Petronella Blog Archive

Visit our New Blog

Massive Malware Attack on Major Websites

Blog Post

Over the weekend, some of the world's biggest websites and media organizations got hit by attack of malicious banner ads. Sites for groups like The New York Times, AOL, the BBC, MSN, Xfinity, NFL, The Weather Network, The Hill, and Newsweek have all been affected with it.  It quickly spread to answers.com, zerohedge.com, infolinks.com, and realtor.com. When clicked on, these ads attempt to install malware, including crypto ransomware on visitors' computers.

According to Trend Micro, tens of thousands of people could have been infected just in the last 24 hours. Starting last week, a toolkit called Angler that sells exploits for Adobe Flash, Microsoft Silverlight, and other Internet programs started sending out infected ads.

Within the code for these ads is a long list of security products which was being used to avoid detection.
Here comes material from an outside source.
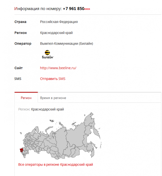 К сожалению, сегодня по всем цифрам номера телефона поиск не работает, и при вводе последней цифры выходит ошибка. Тем не менее, результат можно получить по всем цифрам, кроме последней, оператор назван, регион определен, информация о номере нам доступна.

If none of these security measures are found the visitor is lead to an Angler landing page. From there the unsuspecting computer is infected with both the Bedep Trojan virus and TeslaCrypt ransomware.

It appears that whoever is responsible for the attack is doing so by snatching up expired domain names that have the word "media"  in them, thus taking advantage of the reputation of a legitimate site and by pushing the malware through these domains whose ad network is compromised.

Though TeslaCrypt only infects Windows users, after last week's discovery of Mac-based ransomware and the scope of this attack, everyone should take notice. For now it would probably be a good idea for anyone browsing the web to remove any third-party browser extensions including Adobe Flash, Oracle Java, Microsoft Silverlight, unless you absolutely need them. Windows users who aren't using Windows 10 should consider upgrading and running Microsoft's Enhanced Mitigation Experience Toolkit.  Anyone browsing the Web should use the  64-bit version of Chrome and make sure they install all updates when they come out.